Let me try to put it differently. If you are somehow 'measuring' the force of a charge, you need to have another charge. A charge doesn't exert a force on thin air ofcourse.
Usually this is done with a fictional test charge with a charge of +1C. (Because this simplifies the force equation).
The force that one charge of
q C exerts on this 1C charge is ofcourse:
F = \frac{1}{4 \pi \epsilon_0} \frac{ |q|}{r^2}
If you have two charges, q_1, q_2 than the force is the (vector) addition of the two forces:
\vec{F} = \vec{F_1} + \vec{F_2}
If you need an example, try this:
Two equal positive point charges q_1 = q_2 = 0.2 \mu \text{C} are located at x = 0, y = 0.3m and x = 0, y = -0.3m, respectively. What are the magnitude and direction of the total (net) electric force that these charges exert on a third point charge Q = 4.0 \mu \text{C} at x = 0.4m, y = 0 ?Consider the following sketch:
The sketch shows the force (represented in it's x and y components) on Q due to the upper charge q_1.
From Coulomb's law the magnitude
F of this force is:
F = \frac{1}{4 \pi \epsilon_0} \frac{|q_1Q|}{r^2} = (9.0 \times 10^9) \frac{(4.0 \times 10^-6)(2.0 \times 10^-6)}{0.5^2} = 0.29 \text{N}
(the radius r = 0.5 can be found by using pythagoras theorem)

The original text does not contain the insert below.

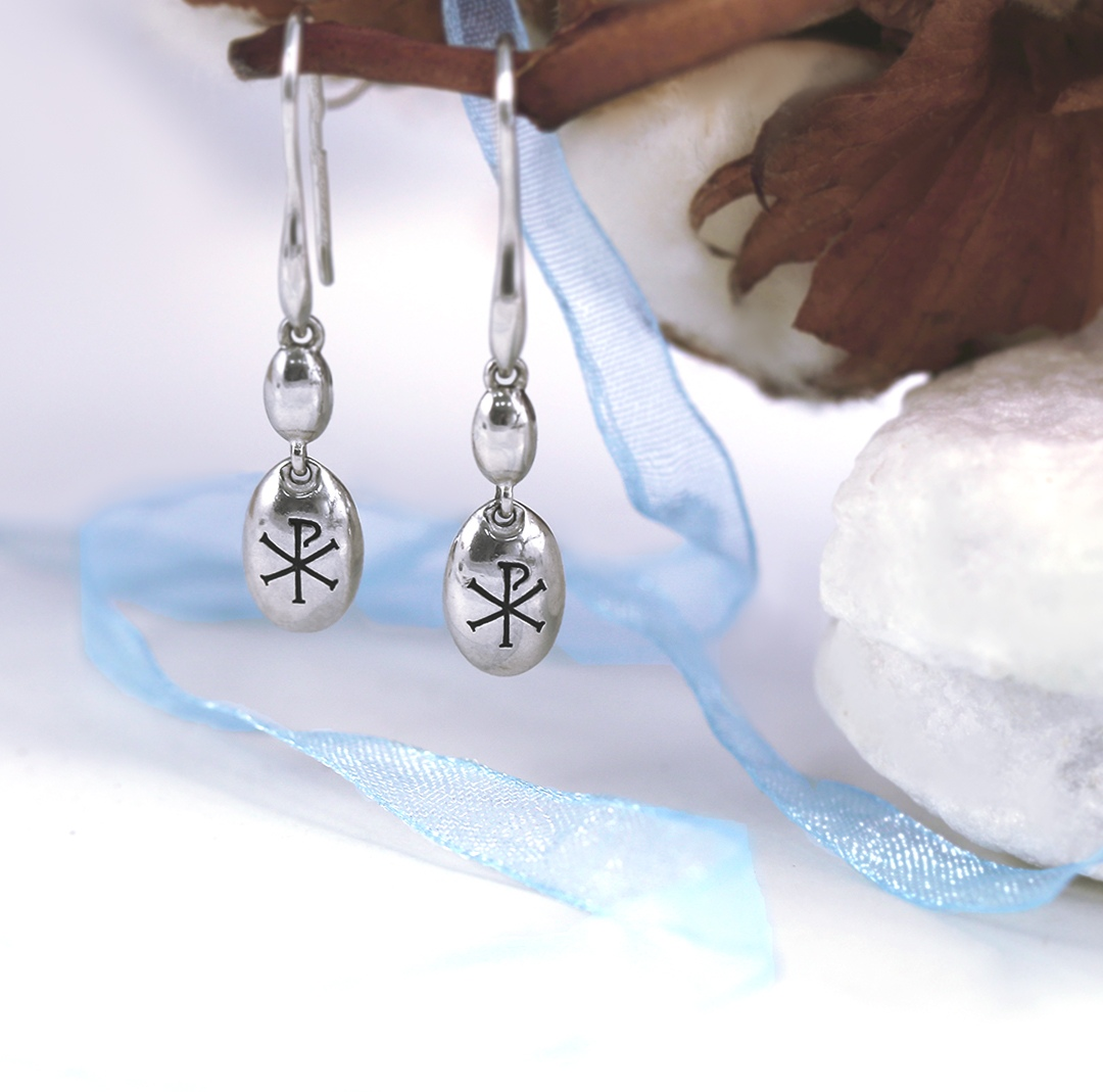 Такие серьги легко вдеваются в ухо, и можно не бояться сломать замок. При этом застежка-петля удерживает на себе изящные многоярусные сережки — например, в форме капелек. Чтобы петля не выпадала из уха и плотно прилегала к нему, к серьгам прилагаются силиконовые заглушки. А Хризма на внешней стороне украшения — это монограмма Христа: начальные буквы имени, скрещенные между собой.

The components of this force are given by:
(F_{\text{1 on Q}})_x = F_{\text{1 on Q}} \text{cos} \alpha = 0.29 \frac{0.40}{0.50} = 0.23 \text{N}
(F_{\text{1 on Q}})_y = -F_{\text{1 on Q}} \text{sin} \alpha = -0.29 \frac{0.30}{0.50} = -0.17 \text{N}
The same forces can be calculated for the lower charge q_2, however, since the system in question is symmetrical you can see directly that the x-component is identical, while the y-component is the same except in the other direction.
So:
F_x = 0.23 + 0.23 = 0.46 \text{N}
F_y = -0.17 + 0.17 = 0
The total force on Q is in the +x-direction with magnitude 0.46 N.
I hope this helps to answer your question!
by the way here is the best place to learn. Sorry for my weak language but thank you all for help.